*EXERCISE:* From the first line of the entries below through the line holding "Liu Bolin, supranumit", write out every line exactly, please, and leave out the pictures.

*Saved entries:*

================

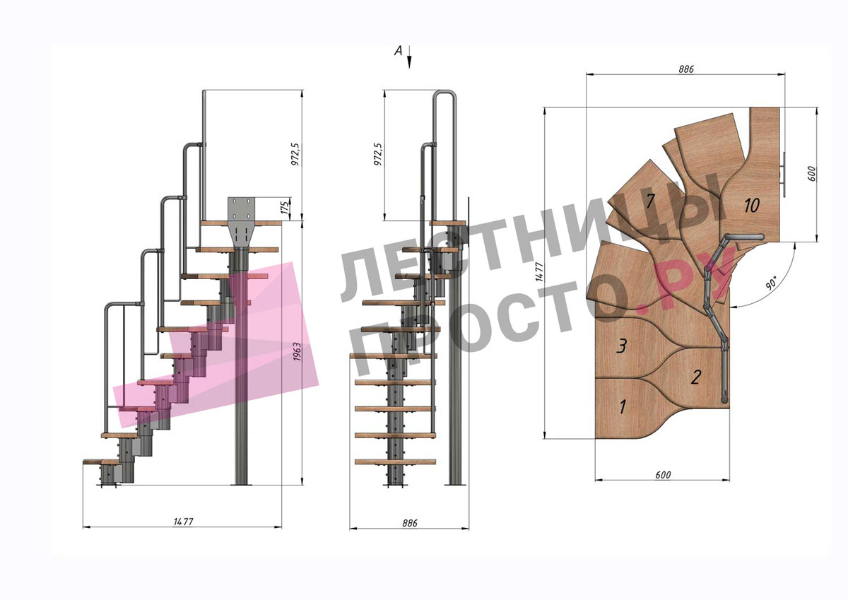 Высота лестницы 1800 - 2640 (10 ступеней) мм
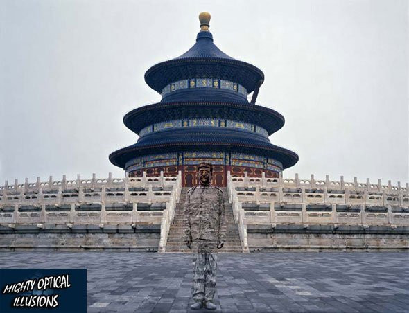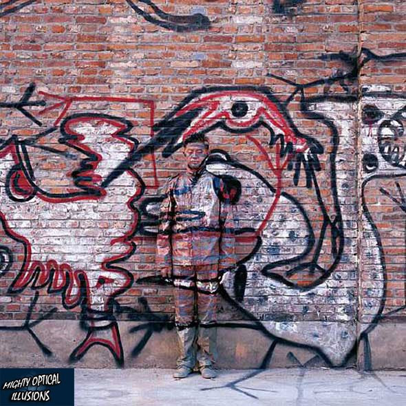 Liu Bolin, supranumit si Omul Invizibil al Chinei, s-a specializat in pictura corpului in stil camuflaj. Pentru realizarea unui singur camuflaj, Liu are nevoie de ore bune, uneori chiar mai mult de o zi.
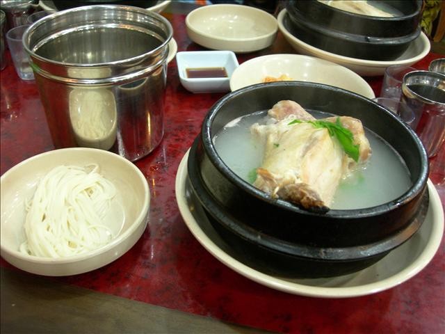 坐車去吃晚餐,"人蔘雞"怎麼跟我三年前去濟洲島時差那麼多,當時第一餐也是人蔘雞。難道是團費的差距?才第一餐就打槍,算了!出外郎呷一下止么。
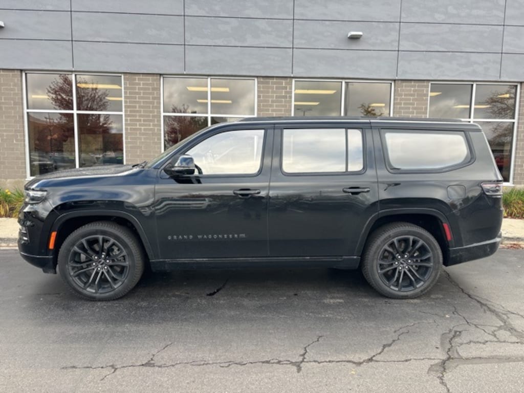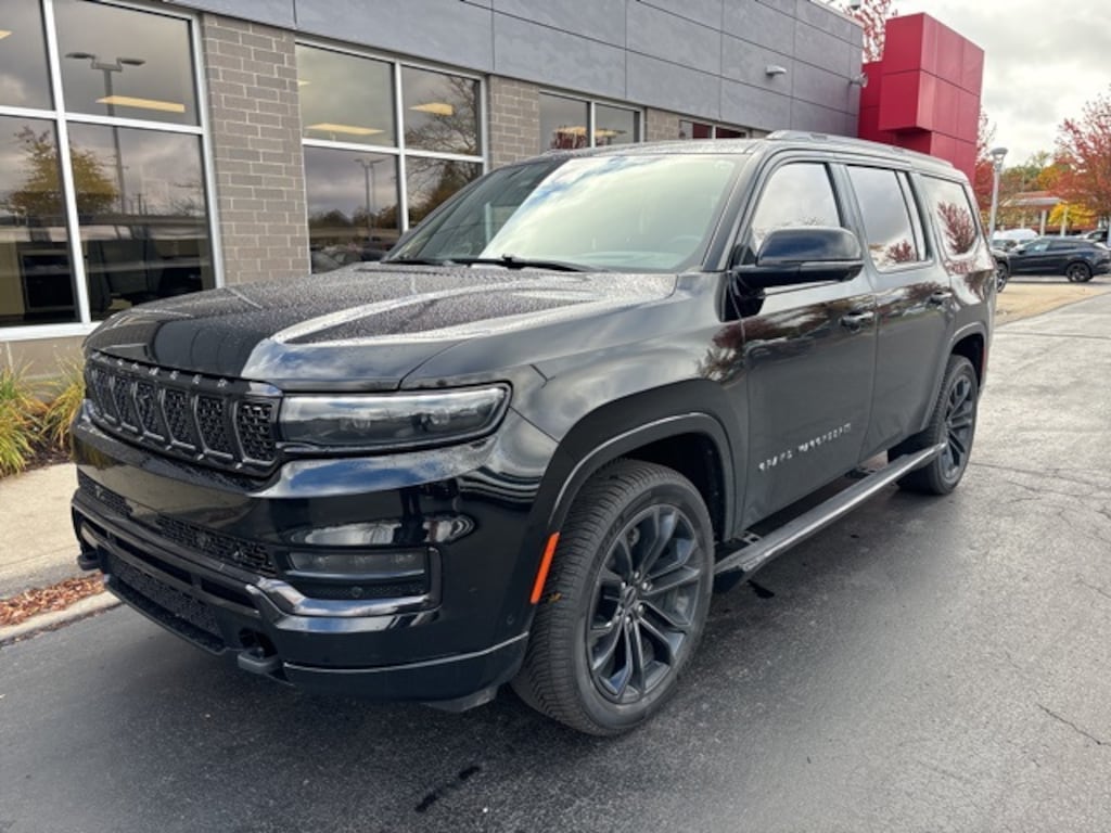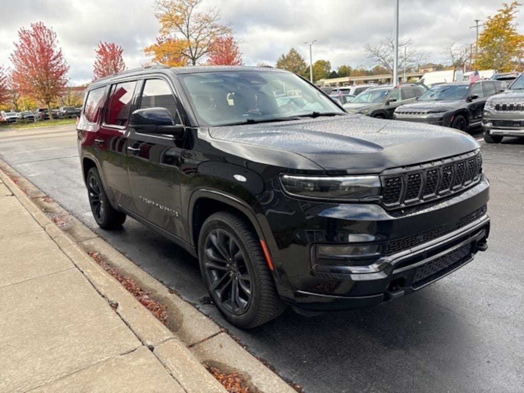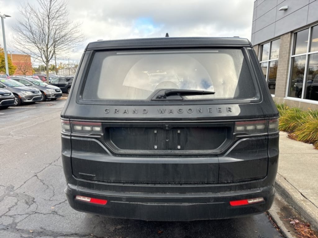 Accident Free Carfax History Report, Carfax One Owner!!, JD Power retail is $64,550!, Grand Wagoneer Series III Obsidian, 4D Sport Utility, 3.0L I6, 8-Speed Automatic, 4WD, Diamond Black Crystal Pearlcoat, Global Black Leather, Adjustable pedals, Air Conditioning, Alloy wheels, Amazon Fire TV Built-In, Auto High-beam Headlights, Auto-dimming door mirrors, Auto-dimming Rear-View mirror, Auto-leveling suspension, Black Interior Accents, Brake assist, Bumpers: body-color, Compass, Cruise control, Delay-off headlights, Driver door bin, Driver vanity mirror, Driver's Seat Mounted Armrest, Electronic Stability Control, Four wheel independent suspension, Front Bucket Seats, Front fog lights, Front reading lights, Fully automatic headlights, Garage door transmitter, Genuine wood console insert, Genuine wood dashboard insert, Genuine wood door panel insert, Gloss Black Upper & Lower DLO Molding, HD Trailer Tow Package, Heads-Up Display, Heated door mirrors, Heated front seats, Heated rear seats, Heated steering wheel, Heavy-Duty Engine Cooling, Illuminated entry, Leather steering wheel, Memory seat, Navigation System, Night vision lights, Normal Duty Suspension, Obsidian Appearance Package, Outside temperature display, Overhead console, Panic alarm, Passenger seat mounted armrest, Passenger vanity mirror, Pedal memory, Piano Black Exterior Accents, Power door mirrors, Power driver seat, Power Liftgate, Power moonroof, Power passenger seat, Power windows, Premium Leather Trimmed Bucket Seats, Quick Order Package 28T Obsidian, Radio: Uconnect 5 Nav w/12.0" Display, Rain sensing wipers, Rear reading lights, Rear seat center armrest, Rear Seat Video Group 1, Rear window wiper, Reclining 3rd row seat, Remote keyless entry, Removable Rear Tow Hook, Roof rack, Seatback Video Screens, Security system, Speed-sensing steering, Speed-Sensitive Wipers, Split folding rear seat, Steering wheel memory, Steering wheel mounted audio controls, Tachometer, Telescoping steering wheel, Traction control, Trailer Brake Control, Trailer Hitch Zoom, Turn signal indicator mirrors, Two Tone Paint Group, Variably intermittent wipers, Ventilated front seats, Ventilated rear seats, Video USB Port, Wheels: 22" x 9.0" Tinted Polished w/Black Insert. CARFAX One-Owner.
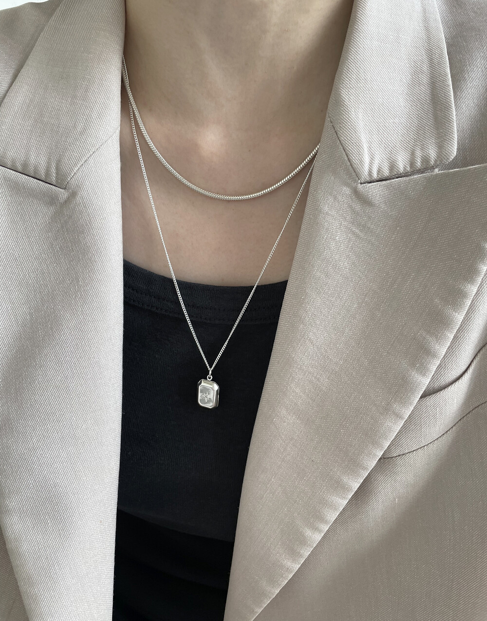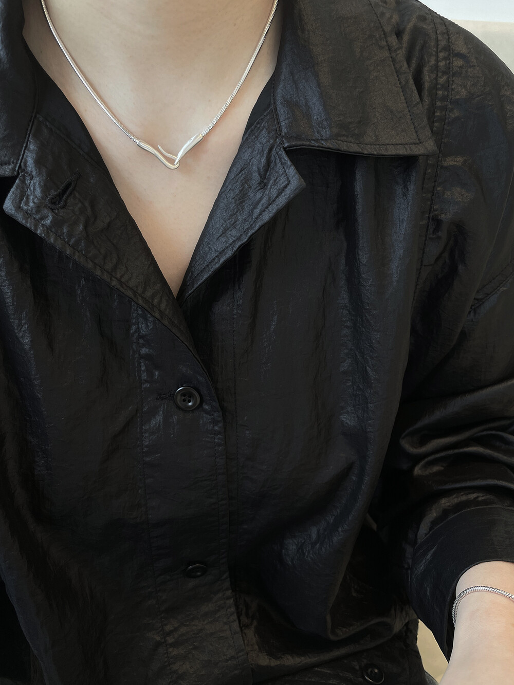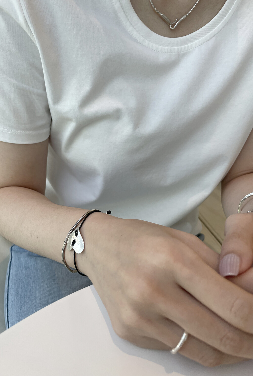 은(Sterling Silver)의 특성상 수분, 땀, 화장품 등에 자주 노출되거나 장기간 미착용 시 검게 변색될 수 있습니다.

================

*TASK RESULT:*
 Высота лестницы 1800 - 2640 (10 ступеней) мм
 Liu Bolin, supranumit si Omul Invizibil al Chinei, s-a specializat in pictura corpului in stil camuflaj. Pentru realizarea unui singur camuflaj, Liu are nevoie de ore bune, uneori chiar mai mult de o zi.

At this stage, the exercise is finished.